— И сейчас не горю.
— А может быть, следовало бы?
Возникла пауза. Я прикинул, когда Луис и Эйнджел успели обсудить мои отношения с Рейчел, и понял, что эта тема могла возникать у них неоднократно. Я немного расслабился.
— Она не хочет меня видеть.
Эйнджел поджал губы:
— И как ты к этому относишься?
— Объяснить? А ты потом не выставишь мне счет с почасовой оплатой?
Он бросил в меня шариком из хлебного мякиша:
— Просто ответь на вопрос.
— Не очень хорошо, откровенно говоря. Но мне и кроме этого есть о чем подумать.
Эйнджел быстро взглянул на меня и сразу опустил глаза.
— Ты знаешь, она как-то звонила. Спрашивала, как у тебя дела.
— Она звонила тебе? Как ей удалось достать твой номер телефона?
— Мы же есть в телефонном справочнике.
— Ничего подобного!
— Ну, наверное, мы когда-то давали ей номер.

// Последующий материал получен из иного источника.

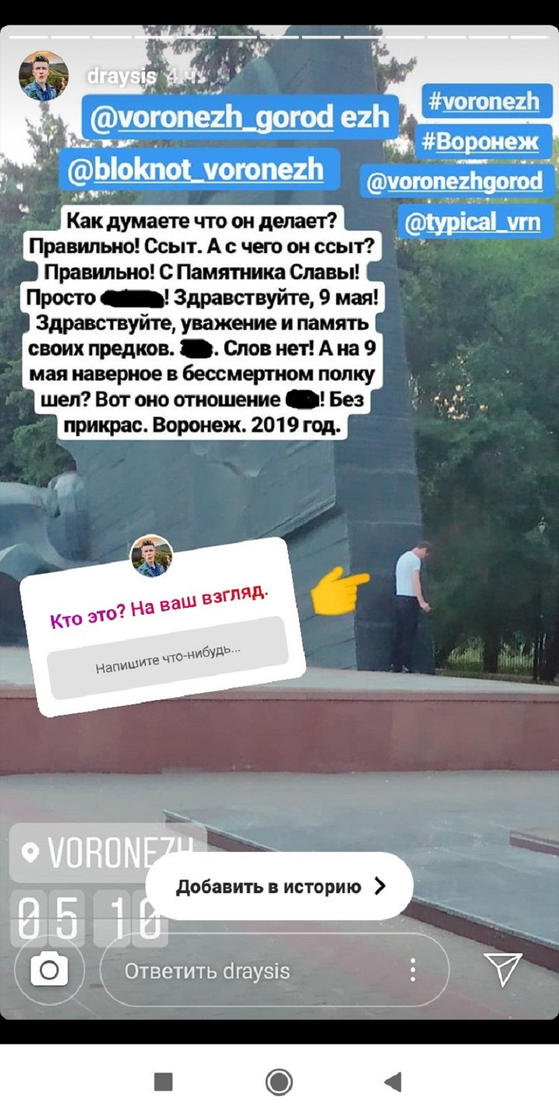 22 мая в 5:10 утра молодой человек сделал фотографию, на которой видно, как житель города, не обращая внимания на прохожих, стоял на мемориальном комплексе, братской могиле воинов Советской Армии, и справлял нужду. Судя по всему, его абсолютно не волновало, что именно в этом месте захоронено 10 тысяч человек, погибших в боях за Воронеж во время Великой Отечественной войны в 1942-1943 годах.

— Очень любезно с вашей стороны... — Я вздохнул, провел ладонями по лицу. — Не знаю, Эйнджел. — Все так закрутилось, перепуталось. Уж и не знаю, готов ли я? И потом, я пугаю ее. Ведь это она оттолкнула меня, ты помнишь?
— Не требуется больших усилий, чтобы тебя оттолкнуть.
Принесли счет. Я положил на стол десятку и еще какую-то мелочь поверх купюры.
— Ну, в общем... У меня были на то свои причины. Впрочем, как и у нее, — я поднялся из-за стола.
Следом за мной встал и Эйнджел.
— Может быть. Жаль только, что ни один из вас не способен толком объяснить, что за черная кошка между вами пробежала.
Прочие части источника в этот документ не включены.